When my brother died, you laughed and told me I did not have a protector anymore. You gloated that no one would make you suffer any consequences for my treatment with him now gone. Then you watched as my connection to my family disintegrated from years of scapegoat abuse, and gloated that you are the only one there for me. No one will ever be there for me like you? My mother’s death signled my full isolation. I am alone with only you to turn to.
You have me completely dependant on you. When our son passed away, I pulled away from the world. I shut myself away and did not want to deal with reality. I did not realize at the time I had handed you the keys to control every part of my life. Now you sabotage any attempts to be independant or break free. Any job I take you refuse to give me a ride, or create an issue with the employer. Your favorite reason to make me quit a job is because it is too far to drive. It inconveniences you.
Now, I am a shadow of who I was. I have no one in my life but you. I have nothing in my life that does not belong to you. I feel like I am nothing, and if I stopped breathig no one would care or notice. That feeling was confirmed when you beat me a week ago. You had struck me before but never beat me. This time you kicked the shit out of me. I contacted the authorities. The officers said they would pay for a room for the night since I had no family. When they dropped me at the hotel, I was covered in your drink and my blood.

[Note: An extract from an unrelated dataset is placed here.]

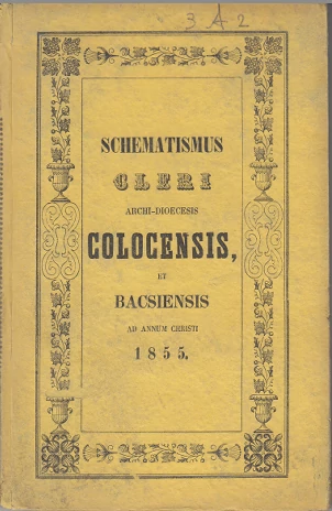 A Kalocsai egyházmegye sematizmusa 1855-ből.

The people in the lobby stared and whispered as I physically shook. When it was finally my turn at the front desk, there was no room reserved for like the officers said would be. I provided the officers´card to the desk and they called. Dispatch responded and had no knowledge of this agreement. I got a ride back home. I think the people there thought I was homeless. they snickered and made snide remarks. The humiliation was too much.
The people in your life that knew what you had done only asked me if I told the police you hit me. No one asked if I was okay. No one cared when my face blew up three times the size it should from a tooth cracked and abscessed from the beating. Not a soul.
How pleased with yourself you must be. You can do whatever you want to me, and I can do nothing. I am no one, and no one cares.
Well, I will escape one day. I will escape either on my feet or in a box. I hope it will be on my feet. I intend to fight back. I will not go down with out a fight. So ready yourself.